I suspect you’re aware; but if she’s undereating, that may be why she hates exercising - she may have less energy than she should, making it an even bigger effort for her to do anything than it would be if she were overweight.
Sounds right.
I think as long as you’re eating food that tastes good within what you’re able to eat then you’re doing just fine and people shouldn’t judge you. It’s people that could eat whatever and choose to be flavourless that suck.
lots of rice, but never watermelon
Show up with the blue ribbon zucchini that’s the size of a 4 year old, give them a good scare
Rice and watermelon sounds like an odd combo, tbh.
Honestly this probably kinda describes my family, depending on how you interpret it.
My brother and I, and my dad’s wife are all really into cooking now though
Can you elaborate what about your family could be interpreted as “not a big food family”? I just have so many ideas but none feel like how I’d immediately describe it. Because ultimately it sounds like a family that takes no pleasure or joy from a meal. Even sharing or preparing one together.
Sorry for the essay lol:
My dad was a workaholic and really only made much time for church, scouts, and Netflix nights with my brother and I when I was little, and my mom doesn’t like and isn’t particularly good at cooking (with a couple exceptions for certain dishes) plus she also worked full time, and as a kid I had an undiagnosed eating disorder that made me picky and food averse to a point of being a health risk (I was 5th percentile in weight at various points)
When we ate at home I ate very poorly because neither of them were great at cooking, so with both my parents being busy and wanting me to eat well, we ate out a ton, often tex-mex, cause that’s what I’d consistently eat a reasonable amount of and we all liked it (my brother would happily eat just about anything lol).
We ate SO much moes lol. The people there all knew us, the manager was a sweetheart and would come chat with us at our table. My dad really liked shouting “welcome to moes!!!” With them when we walked through the door, and if they forgot or were quiet or whatever he’d give them a hard time about it lol. And then ask them for a veritable mountain of cilantro on his burrito 😅
Food just wasn’t a huge part of my family life as a kid. My dad has gotten into grilling now that I’m an adult and makes amazing pulled pork, and his wife loves cooking. My mom is starting to get interested in cooking as she’s now dating someone who for the first time (after my dad) doesn’t cook as a huge pastime/hobby (her last couple boyfriends loved cooking and always wanted to cook for her). She recently even asked if she could borrow my copy of Salt Fat Acid Heat.
But as a kid, cooking and eating was a thing we needed to do but not a big shared experience that brought the family together. Especially once my parents separated when I was in middle-school- they were kinda dealing with their own shit and more or less just left my brother and I to figure out food for ourselves a lot of the time
But that’s when I started learning how to cook myself, which ended up being the single biggest thing I could do to manage and work on my eating disorder, so it ultimately worked out okay :)

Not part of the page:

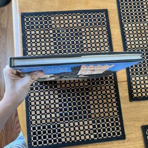 ~ Has tan and white stains on the dust jacket and on the book (please see picture).

Food is much more relevant now to disparate members of my family, but it’s individual interests now moreso than a shared family thing outside of holidays.
Hope this explains what I mean :)
(Not the original commenter)
I mean yeah that’s pretty much it. My dad’s cooking is unseasoned cucumber in a pan with some grocery-store veggie balls, which is not enough for 2-3 people. My mom’s cooking is much better, but it’s cooked more out of expectation than enjoyment. Eating together is expected but not enjoyed for its own merits afaik.
Desserts are the exception usually. Still, it messed up with my relationship to food, made it a lot worse than it could have been. Eating full meals with someone makes me gag, I have trouble eating normal quantities.